Songeons au FC Lorient et à l’En Avant Guingamp en Bretagne, symboles de convivialité et d’équipes joueuses. Songeons au RC Lens, au FC Sochaux et à l’AS Saint Étienne, clubs des classes populaires et tenants d’une certaine culture ouvrière. Songeons à l’Olympique de Marseille ou au FC Barcelone, clubs qui transcendent les appartenances sociales et sont les porte-drapeaux d’une ville voire d’une région.
Le football est un formidable vecteur culturel et social. Il est donc important de donner au TFC les moyens d’incarner notre ville dans nos valeurs démocratiques, d’inclusion, de solidarité et de partage.
Alors par où commencer ?
Le 1er Janvier dernier est entrée en exercice la convention décennale signée par le président sortant de la Métropole toulousaine avec la direction du TFC. Si celle-ci augmente la redevance, passant à 1 624 000 Euros (divisible par 2 en cas de descente en Ligue 2, scénario qui se profile), elle prévoit également que les grosses réparations soient du ressort de la collectivité qui prend en charge le nettoyage des espaces mis à disposition de façon temporaire après les matchs. Par ailleurs, la Métropole reste responsable de la pelouse et s’engage sur la réalisation de travaux de mise en conformité éventuellement demandés lors de compétitions sportives.
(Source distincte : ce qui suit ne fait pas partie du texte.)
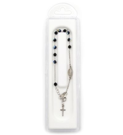 Strieborný rhódiovaný desiatkový náramok s čiernymi Swarovski korálkami s priemerom 4 mm. Náramok obsahuje Zázračnú medailu a prívesok krížik. Výnimočný kresťanský šperk, ktorý ozbobí a poteší každú ženu pri akejkoľvek príležitosti.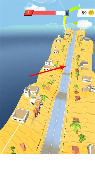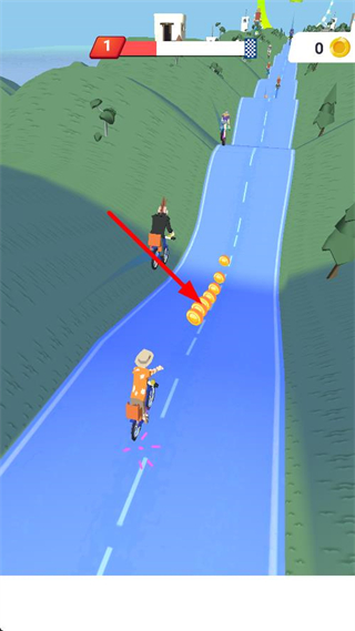 2、競速的過程,操控自行車收集道路上的金幣,提升資源收益,同時超越其他選手,推進比賽進度。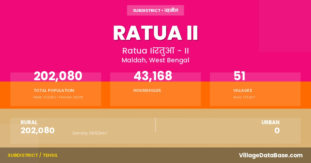 Ratua II is a town and Subdivision in the Maldah district of the West Bengal. In India, a Subdivision is a subdivision of a district responsible for the administration and revenue collection of a specific area within the district. Subdivisions play a crucial role in the local governance structure, contributing significantly to the development and administration of their communities.

Elle a programmé des chantiers en vue de grands événements sportifs : achat de la luminothérapie, installation d’écrans géants… La convention établit aussi la possibilité d’un changement de nom (naming) du Stadium, sur lequel il convient d’être particulièrement vigilants pour éviter une marchandisation de ce bien public.
Mais nous devons aller plus loin. La prochaine municipalité doit entamer des discussions avec la direction du club pour envisager ce qui pourrait être mis en place et construire un projet à la hauteur de notre ville et de notre agglomération. Il ne s’agit pas de demander des résultats au-dessus des moyens financiers de la direction, mais un nouveau souffle pour le Stadium.
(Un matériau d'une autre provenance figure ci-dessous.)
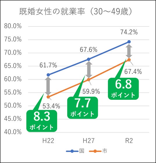 なお、国勢調査において、既婚女性(30~40歳代)の就業率については、全国的に上昇傾向であるが、全国平均と本市との差が縮まってきている状態です。
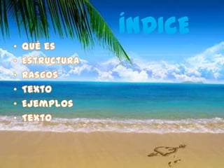 Este documento describe los textos instructivos, su estructura y rasgos. Explica que tienen el propósito de orientar de forma detallada, clara y precisa para realizar alguna actividad. Su estructura incluye introducción, desarrollo y desenlace. Utilizan conectores de tiempo, verbos en infinitivo e imperativo y lenguaje directo. Incluye ejemplos como recetas de cocina y bases de concursos.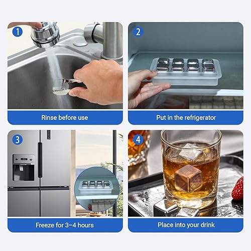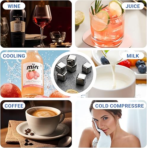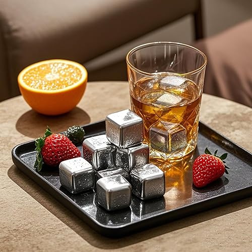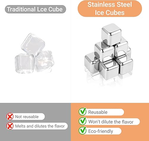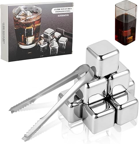 Glacon Reutilisable - 8 Pièces Glaçons Reutilisable Whisky Stones - Pierres à Whisky en Acier Inoxydable 304 Avec Pince - Parfait Pour Cocktails, Vins et Plus Encore

Cela ne pourra se réaliser sans que les supporters soient plus souvent consultés, participent davantage aux instances du club, puissent échanger avec l’équipe dirigeante, sportive, avec les joueurs. Le club doit être encore plus ouvert sur les clubs de la ville et de la métropole. Il s’agit de tisser des partenariats privilégiés avec les clubs de quartiers, que chaque pitchoune de la ville puisse une fois par saison aller voir les Violets jouer. Le club, mais aussi la future municipalité, doit rompre avec l’opacité de la répartition des subventions. On sait qu’aujourd’hui un seul club touche plus que cinq autres réunis avec pourtant moins de licenciés. On voit aussi des terrains laissés à l’abandon pour empêcher des clubs de s’y installer et tenter ainsi de gommer une identité de quartier, facette méconnue mais réelle de la gentrification.
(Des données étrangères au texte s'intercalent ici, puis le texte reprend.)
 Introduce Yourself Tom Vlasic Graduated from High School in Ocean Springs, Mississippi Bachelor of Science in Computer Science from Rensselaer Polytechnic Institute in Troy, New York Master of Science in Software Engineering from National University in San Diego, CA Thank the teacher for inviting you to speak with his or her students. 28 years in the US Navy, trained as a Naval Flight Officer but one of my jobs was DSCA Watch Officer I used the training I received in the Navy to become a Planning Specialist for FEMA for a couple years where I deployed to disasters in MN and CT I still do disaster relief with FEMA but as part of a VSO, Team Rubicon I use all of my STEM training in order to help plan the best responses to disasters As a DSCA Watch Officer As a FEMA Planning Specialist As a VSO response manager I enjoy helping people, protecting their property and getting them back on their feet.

Cela passe aussi par notre équipe féminine qui doit pouvoir se développer activement à tous les niveaux. Il faut que l’équipe fanion féminine puisse jouer en Ligue 1 et se donner, pourquoi pas, comme objectif à moyen terme de concurrencer Lyon, Paris et Montpellier pour jouer la Ligue des Champions.
Le nouveau souffle du TFC, au moyen d’une identité de convivialité, d’accueil et de partage chère aux habitant-e-s, doit s’incarner sur et en dehors des terrains. Un engagement de la collectivité et des contribuables oblige à un droit de regard sur le devenir du TFC pour mieux le soutenir et qu’enfin il soit synonyme de plaisir et de fierté, plutôt que de galère pour ses supporters.